Slow Ventures picks up the pace with two new funds and some experimental strategies

Slow Ventures, a 12-year-old, generalist venture firm that’s headed up by former Facebook execs Kevin Colleran and Sam Lessin, along with Will Quist, formerly of Industry Ventures, says it just closed its fifth flagship seed-stage fund with $195 million in capital commitments and its second opportunity-type fund with $130 million.

The announcement comes almost three years to the date from when the outfit last announced two new funds totaling $220 million, suggesting a pace that’s reminiscent of days gone by — before the pace of venture capital sped up to almost dizzying speeds.

That doesn’t mean Slow is antiquated. Seemingly the opposite is true. In 2018, for example, Slow received approval from its limited partners to invest in crypto. One of the firm’s first investments was a seed investment in the first financing round of what became the Solana coin. It wound up paying $.05 per coin; today, the coins trade at $100 each.

The firm has also rolled out Slow DAOs, or decentralized autonomous organizations that use smart contracts and provide participants with governance tokens to vote on fund allocation, among other things.

Slow — which has an office in San Francisco, with outposts in Boston and New York — formed its first DAO to purchase land in Montana. The firm says it was part of an effort to establish a repeatable DAO creation process that it could use again for other purposes. But also, the DAO enabled Slow to acquire some gorgeous Montana property — which is something its venture fund could not have invested in — and to bring along some of its funds’ investors if they wanted in on the deal.

Slow has meanwhile also begun dabbling with a third strategy that it’s figuring out in real time. The idea is to invest directly in people in exchange for a slice of all of their future income or else a piece of their equity.  Last November, it spent $1.7 million to invest in the career of Marina Mogilko, a thirtysomething YouTube personality with numerous channels who agreed to give Slow 5% of her creator earnings for 30 years in return.

Critics likened the contract to slavery — it sounds a bit like a payday loan to us — but Slow also quickly established a kind of “enterprise version” of the offering, where, in one case, Slow invested in siblings known as “The Libermans” who are serial entrepreneurs in exchange for a percentage of their founders equity in all of the future companies they create.

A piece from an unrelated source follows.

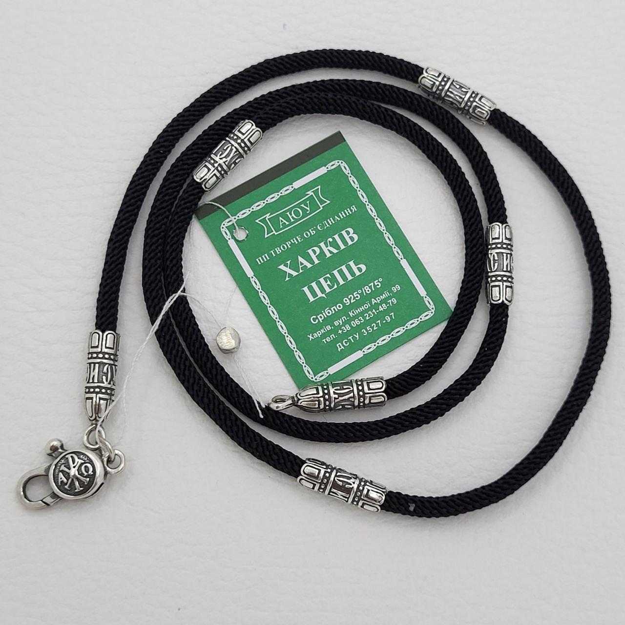 Ювелірний шовковий шнурок з срібними вставками і застібкою 925 проба
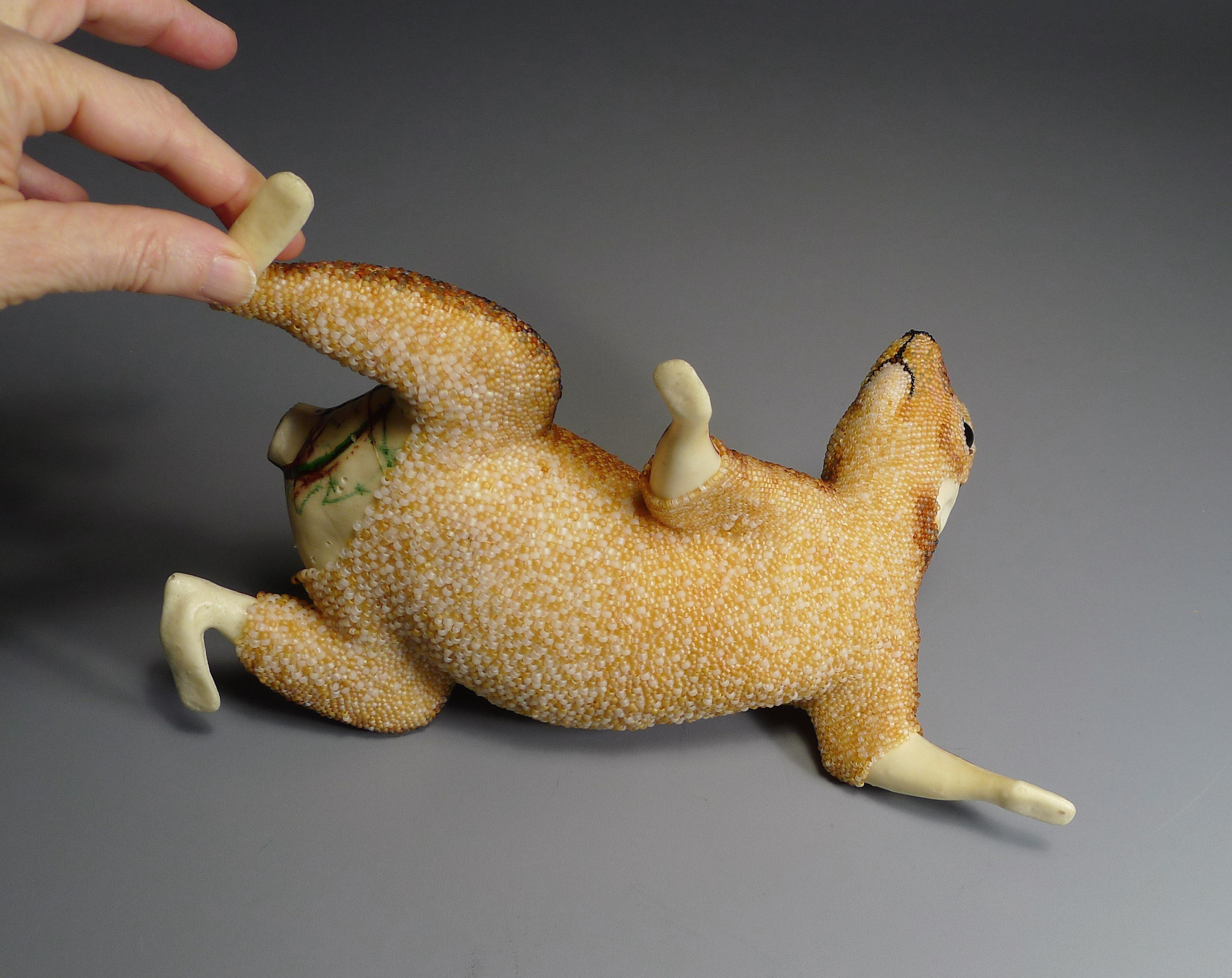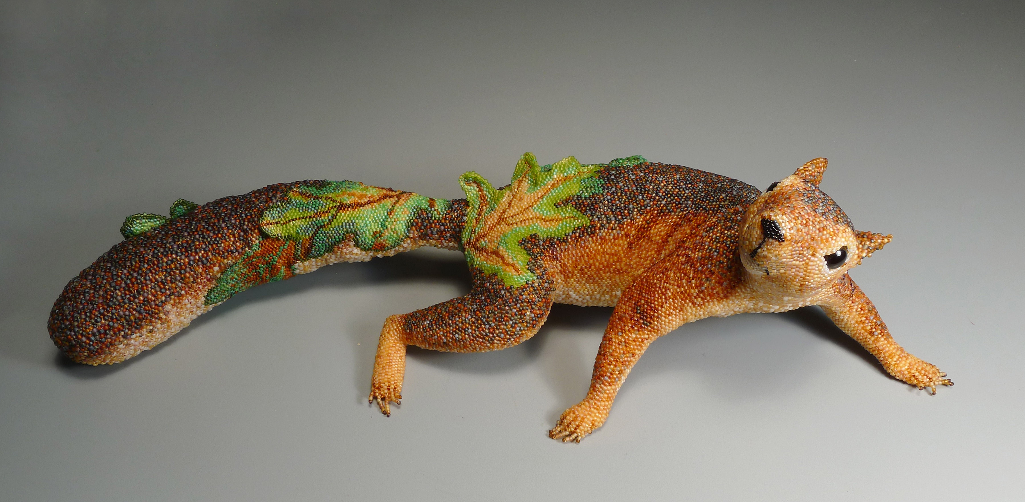 Similarly to many of my other works, the beadwork on this sculpture was created in peyote stitch over a dense-foam form. The animal is equivalent in size to a largish, life-size squirrel. Although he can rest on all four paws, he prefers to hang upright by one fore-paw, as though he is climbing the wall. (Sounds, figuratively, a bit like me sometimes!)

Slow also secured the right to invest additional money into the siblings’ individual companies should the firm want to increase our ownership.

The latter scenario strikes us as more sustainable, but either way, the money that Slow is setting aside to invest in all three alternative strategies is less than 10%, meaning the firm is stepping into its bold new future carefully.

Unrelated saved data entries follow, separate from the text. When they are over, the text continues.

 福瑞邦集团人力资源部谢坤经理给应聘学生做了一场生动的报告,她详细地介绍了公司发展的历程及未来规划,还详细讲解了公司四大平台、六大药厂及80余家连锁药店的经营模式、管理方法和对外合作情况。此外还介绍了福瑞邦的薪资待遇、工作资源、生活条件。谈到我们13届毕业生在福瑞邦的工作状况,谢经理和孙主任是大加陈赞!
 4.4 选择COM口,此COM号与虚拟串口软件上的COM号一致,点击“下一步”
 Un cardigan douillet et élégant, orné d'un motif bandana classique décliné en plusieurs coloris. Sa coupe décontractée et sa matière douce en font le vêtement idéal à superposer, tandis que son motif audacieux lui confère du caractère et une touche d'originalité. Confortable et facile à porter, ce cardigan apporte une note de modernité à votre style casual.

In the meantime, many of its traditional venture bets appear to be panning out.

Earlier investments from the firm included Robinhood, Pinterest, and Nextdoor, which are now publicly traded, even if their shares have been hammered along with nearly every tech stock over the last six months.

Slow is also an investor currently in Airtable, Ro, and Embark Veterinary, all of which have seen massive bumps in their private market valuations over time.

Slow’s seed-stage checks range in size from $500,000 to $3 million, with the average check in the neighborhood of $1.75 million. It targets ownership in a company of 10% to 12%, investing up to 100% of its pro rata in the Series A for all of its companies. (After that, companies then switch over to its Opportunity Fund to be evaluated anew for a Series B.)

As for deal flow, four of the first five partners at Slow and most of its original LPs were all early employees or co-founders at Facebook, so maintaining relationships may be in the firm’s DNA. Indeed, Slow’s limited partners include venture funds, partners at funds who have invested in Slow personally, and notable angels, and they collectively generate a significant portion of the firm’s deal flow and founder referrals.

Like many enterprises these days, the team is mostly remote, with Lessin and Quist based in the Bay Area, and Colleran in Boston.

Slow has also more recently hired Megan Lightcap, who was previously an associate at L Catterton; Clay Robbins, a former product person at Square who was also a scout for Accel for several years; and Yoni Rechtman, who joined the outfit last month after logging five years at Tusk Ventures.

Robbins is based in San Francisco; Lightcap and Rechtman are based in New York.